John Cardinal Newman, who knew a thing or two about the ingredients that went into the idea of a university, would most likely concur that it is a sad day in the life of academia when erudite scholars, especially of the Catholic sort, fall victim to the shallow and intellectually barren cult of personality that perpetually shadows President Obama. As fallen creatures, a periodic hiatus from reason and principle is to be expected from time to time, even among the brightest. We’re all susceptible to the occasional blunder and pratfall, but when hypocrisy becomes de rigueur among ivory tower Catholic intellectuals and their vaunted institutions, it’s a genuine tragedy worthy of a few beatings of the breast and mea culpas. The bottom line is, when a university claims that it is Catholic, it either is, in the fullest sense of the word as spelled out in clear terms by Pope John Paul II in Ex Corde Ecclesiae, or its Catholicity is a meaningless veneer and a dangerous lie.

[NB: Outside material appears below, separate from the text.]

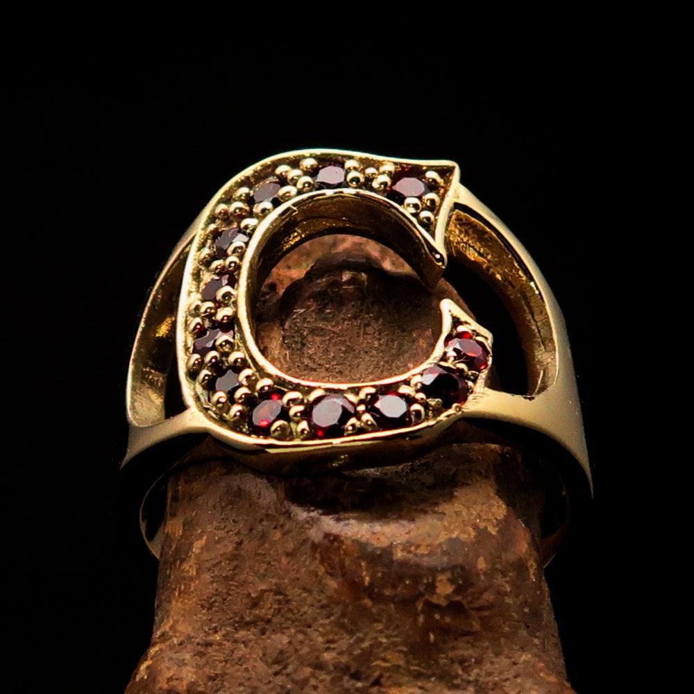 Introducing the Excellent crafted Initial Ring Bold Letter C, a stunning piece that combines elegance and durability. Made from high-quality solid brass, this ring is designed to last while making a bold statement. The standout feature of this ring is the beautifully crafted letter C, which is adorned with 12 dazzling red Cubic Zirconias (CZ). These stones catch the light beautifully, adding a touch of glamour to any outfit.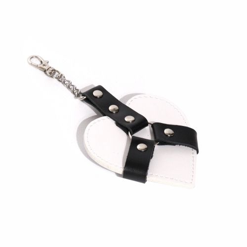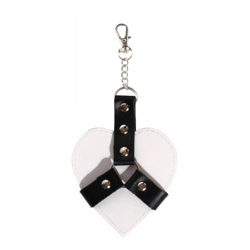 Цей брелок може стати цікавим доповненням вашого образу та яскравим аксесуаром для любителів оригінального дизайну. Виконаний у формі серця, він прикрашений мініатюрними портупеями, які надають виробу зухвалого вигляду.

How would the president of Notre Dame, the Rev. John Jenkins, acting in his capacity as priest of the Catholic Church, define the sin of scandal? And as a follow-up to that query, how would he craft just the right amount of wiggle room to exonerate himself and his institution from being guilty of that sin? It’s not enough for a Catholic university to merely represent the Catholic faith in this or that capacity on campus, every now and then when the time is right. The Church and her teachings must also be unceasingly honored, privileged and defended. This does not translate, as critics will assert, into a restriction on academic freedom. Ideas can and ought to be discussed and debated, the pot stirred. But in the final analysis, the penetrating light of faith and reason, shining on Truth, must be unwaveringly upheld by the arm of the university.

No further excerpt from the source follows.